Conclusion: Knowledge On-Demand

The insight:
Static prompts are one-shot learning. Dynamic documentation is multi-shot learning.

The pattern:
Teach agents to request --agent-help before using tools.

The evidence:
20-90% token savings, higher success rates, automatic feature discovery.

The future:
Self-documenting infrastructure where agents learn through exploration.

This changes everything.

Static prompts were the right solution in 2022 when we had 4K context windows and no tool calling.

In 2025, with 200K+ context windows and native tool support, dynamic documentation is obviously better.

It's time to move from one-shot to multi-shot agent learning.

Author: Scott Senatore
Organization: Semantic Infrastructure Lab
Contact: [TBD]
License: CC BY 4.0

Related Work:
- Semantic Feedback Loops (SIL canonical doc)
- Multi-Agent Protocol Principles (SIL canonical doc)
- Reveal --agent-help implementation (reference implementation)
- TIA command help system (production deployment)
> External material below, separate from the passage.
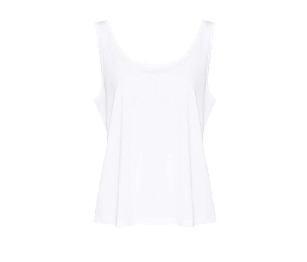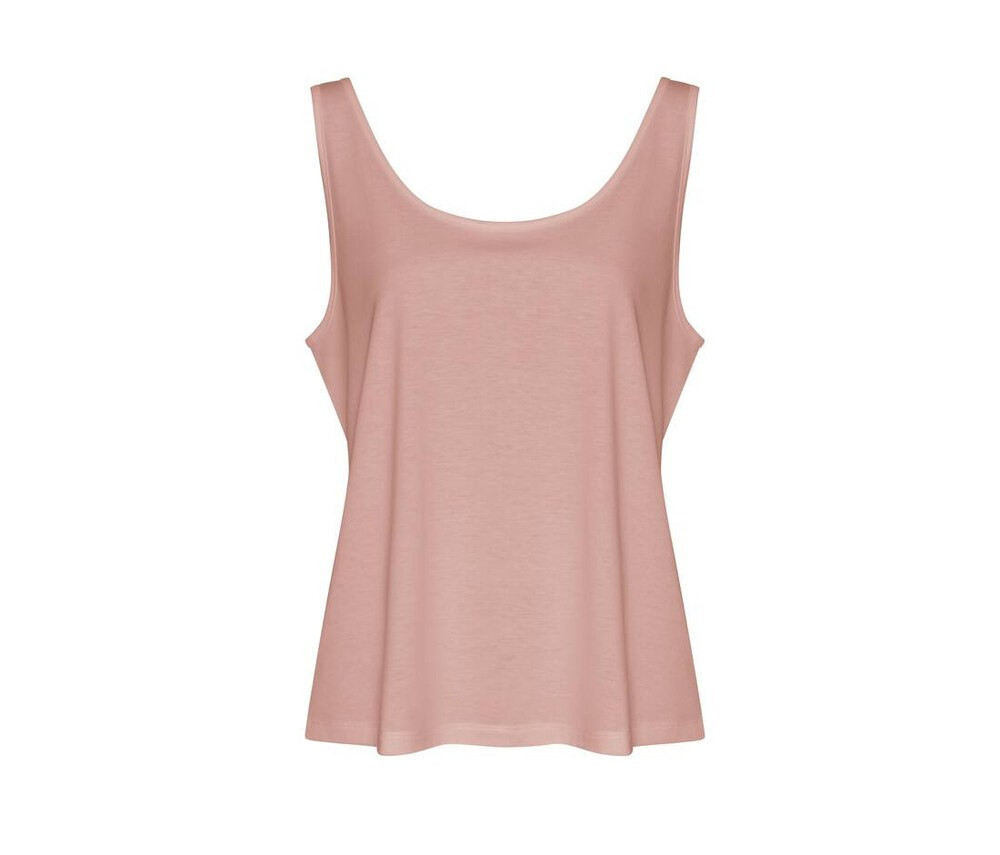Relaxed fit. Side seams. Size label only. Tri-blend fabric. Self fabric binding arount neckline and armhole. Twin needle stitching detail on sleeve and bottom hem.
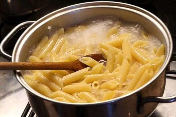 Mientras se cocina la salsa, tenemos el tiempo suficiente para preparar la pasta. Para ello, cogemos una cazuela con agua y la ponemos al fuego a temperatura alta. Un truco para que no se te queden pegados, es echarle un chorrito de aceite y un poco de sal para que cojan un poco de sabor. Una vez que el agua esté hirviendo, echamos los macarrones a la cazuela y dejamos que se cocinen durante 8 o 10 minutos. Si no estás seguro cuánto tiempo tienes que dejar la pasta, consulta las indicaciones del envase.

Appendix: Template for Agent Help

Use this template for your tools:

## <Tool Name> - Agent Help

### Purpose
[1-2 sentence description of what this tool does and why it exists]

### Basic Usage
<tool> <required_args> [optional_flags]

### Examples

#### Common Use Cases
<tool> example1              # Description
<tool> example2 --flag       # Description
<tool> example3 input.txt    # Description

#### Advanced Patterns
<tool> complex_example --advanced --flags=value
<tool> pipeline | another_tool | third_tool

#### Error Handling
<tool> --validate input      # Check before processing
<tool> --dry-run             # Preview without executing

### Workflows

#### Task: [Common Task Name]
1. <tool> step1
2. <tool> step2
3. <tool> step3
Result: [What you achieve]

#### Task: [Another Common Task]
1. <tool> different_approach
2. <tool> next_step
Result: [What you achieve]

### Pro Tips
- Use FLAG when CONDITION (saves time/tokens/complexity)
- Avoid PATTERN in SITUATION (common mistake)
- Combine with TOOL for BENEFIT (composition pattern)
- Check OUTPUT for SIGNAL (debugging tip)

### Related Commands
<related_tool1> - [When to use instead]
<related_tool2> - [When to use after]
<related_tool3> - [When to use with]

### Version
This help is for <tool> v<version>
Updated: <date>

Fill in the template. Ship with your tool. Change the game.